Bonjour, il te suffit de mettre ton événement dans un calendrier particulier que tu appellerait Automator (ce n'est qu'un exemple) et puis tu le décoche comme ça il n'apparettra pas avec tes autres événements  @ bientôt M@x


----------



## Blacko (11 Octobre 2010)

Bonjour *Max34*,

Effectivement, je peux décocher le calendrier particulier dans lequel l'événement se trouve afin de ne pas le rendre visible. Toutefois, ce faisait, je suis quand même pris avec un calendrier dans iCal qui ne sert qu'à mon alarme Automator. Bref, j'ai quand même une trace dans iCal, que ce soit l'événement ou le calendrier qui le contient, un ou l'autre reste affiché. Je voudrais vraiment ne pas avoir de trace dans iCal de tout ce processus.

Merci de ton aide et au plaisir!

Blacko


----------



## ntx (11 Octobre 2010)

L'utilitaire Unix pour cela s'appelle cron. A toi de voir comment tu peux l'utiliser (front end, terminal ou Apple Script).


----------



## Blacko (12 Octobre 2010)

Bonsoir,

Merci pour la réponse. Cependant, je ne connais pas du tout cet utilitaire. J'ai effectué quelques recherches sur le forum, mais je n'arrive pas réellement à comprendre comment faire pour régler mon problème à l'aide de Cron...

N'y a-t-il pas d'autres options?

Merci encore!

Blacko


----------



## ntx (12 Octobre 2010)

Blacko a dit:


> mais je n'arrive pas réellement à comprendre comment faire pour régler mon problème à l'aide de Cron...


Et bien essaie de comprendre parce C'EST l'outil qui répond à ton besoin. 

Tu as le droit d'utiliser Google, ça ne mord pas


----------



## r e m y (12 Octobre 2010)

Depuis MacOS X 10.5, je pense qu'il vaut mieux utiliser launchd, plutôt que cron, non?


----------



## ntx (12 Octobre 2010)

r e m y a dit:


> Depuis MacOS X 10.5, je pense qu'il vaut mieux utiliser launchd, plutôt que cron, non?


Effectivement, je suis un peu en retard sur le sujet :rose: Mais tout le monde ne semble pas convaincu par la "facilité" de ce nouvel outil par rapport à un bon vieux cron. :rateau:


----------



## Blacko (12 Octobre 2010)

Bonjour,

Je suis allé faire un tour chez mon ami Google!

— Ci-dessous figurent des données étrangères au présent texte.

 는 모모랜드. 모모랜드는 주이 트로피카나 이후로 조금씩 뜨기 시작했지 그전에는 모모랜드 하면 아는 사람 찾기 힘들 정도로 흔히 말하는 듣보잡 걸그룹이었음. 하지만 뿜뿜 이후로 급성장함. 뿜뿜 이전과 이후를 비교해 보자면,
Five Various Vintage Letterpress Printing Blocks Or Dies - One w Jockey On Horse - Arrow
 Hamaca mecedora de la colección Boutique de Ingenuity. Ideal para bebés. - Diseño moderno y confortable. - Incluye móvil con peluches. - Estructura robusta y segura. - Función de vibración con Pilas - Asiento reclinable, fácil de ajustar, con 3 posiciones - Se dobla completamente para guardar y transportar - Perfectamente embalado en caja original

J'ai effectuer des recherches sur Cron et sur Launchd. J'en ai appris davantage sur ces utilitaires. Par contre, dans les deux cas, j'ai cru comprendre qu'il faut procéder par un script shell. Cependant, dans mon cas,  ce n'est pas un script shell que je désire lancer, mais un processus "workflow" ou une application Automator.

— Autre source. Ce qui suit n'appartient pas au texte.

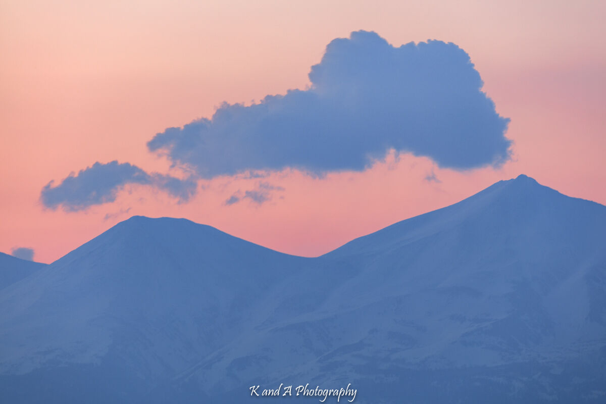 写真は4時13分撮影。実際の日の出時刻より30分以上前です。オプタテシケ山と雲。青と赤のなんとも言えない光景です。当然に明暗さが大きいので山はもっと暗く映りますが、現像は山麓の残雪がやや見えるように明るくしてあります。
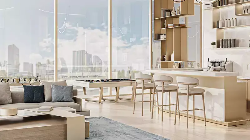 Life at Cove Edition 6 unfolds as a curated experience. Residents can enjoy panoramic views of the Dubai skyline from the rooftop infinity pool, unwind in landscaped gardens, or maintain wellness in the fully equipped fitness centre. Every element has been considered to evoke a sense of calm and elevate everyday living.
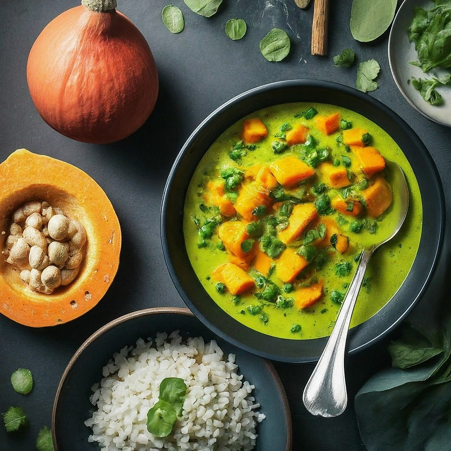 Ein cremiges grünes Curry mit zartem Kürbis, Kokosmilch und aromatischen Gewürzen. Perfekt für kühle Herbstabende!

Bref, je n'arrive pas à saisir comment je pourrais utiliser Cron ou Launchd pour faire ce à quoi je souhaite arriver. J'ai trouvé quelque chose de très près de ce que je désire réussir, mais ça parle plutôt d'un script shell.

Sinon, concernant Launchd, je n'ai pas trouvé de sources qui expliquent aussi bien que la page indiquée ci-dessus comment lancer un processus ou une application Automator. Est-ce que c'est la même manière de procéder?

Merci encore et bonne soirée!

Blacko


----------



## ntx (12 Octobre 2010)

Blacko a dit:


> Cependant, dans mon cas,  ce n'est pas un script shell que je désire lancer, mais un processus "workflow" ou une application Automator.


Un script shell peut servir à lancer une application 

Pour launchd, il faut écrire un plist. Les infos sont sur le site d'Apple.


----------